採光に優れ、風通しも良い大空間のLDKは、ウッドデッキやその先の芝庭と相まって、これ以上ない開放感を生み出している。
---
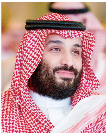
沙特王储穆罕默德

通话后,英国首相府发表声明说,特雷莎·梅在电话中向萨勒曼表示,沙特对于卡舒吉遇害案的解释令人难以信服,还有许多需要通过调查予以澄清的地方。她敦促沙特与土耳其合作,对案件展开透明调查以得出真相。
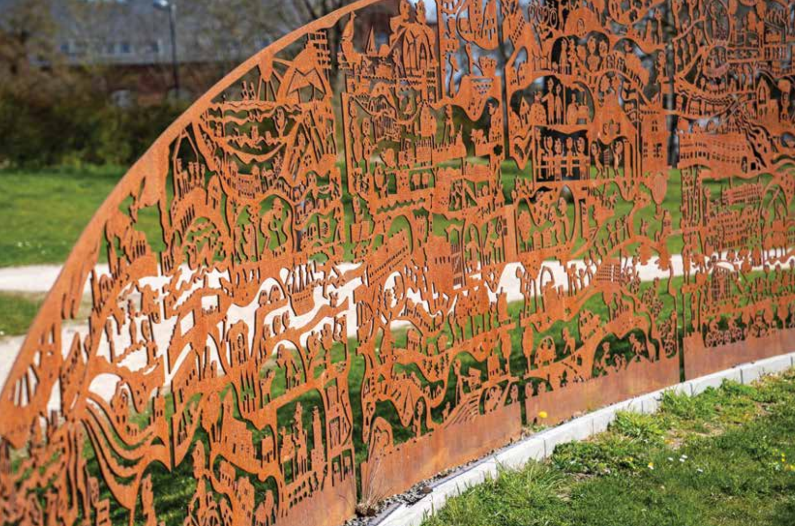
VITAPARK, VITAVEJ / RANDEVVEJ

**WHAT IS NEEDED**:
The material above holds pictures; leave them out and set down exactly the lines from the line with "通话后,英国首相府发表声明说" to the line with "VITAPARK, VITAVEJ / RANDEVVEJ", both included.

**EXPECTED OUTPUT**:
通话后,英国首相府发表声明说,特雷莎·梅在电话中向萨勒曼表示,沙特对于卡舒吉遇害案的解释令人难以信服,还有许多需要通过调查予以澄清的地方。她敦促沙特与土耳其合作,对案件展开透明调查以得出真相。
VITAPARK, VITAVEJ / RANDEVVEJ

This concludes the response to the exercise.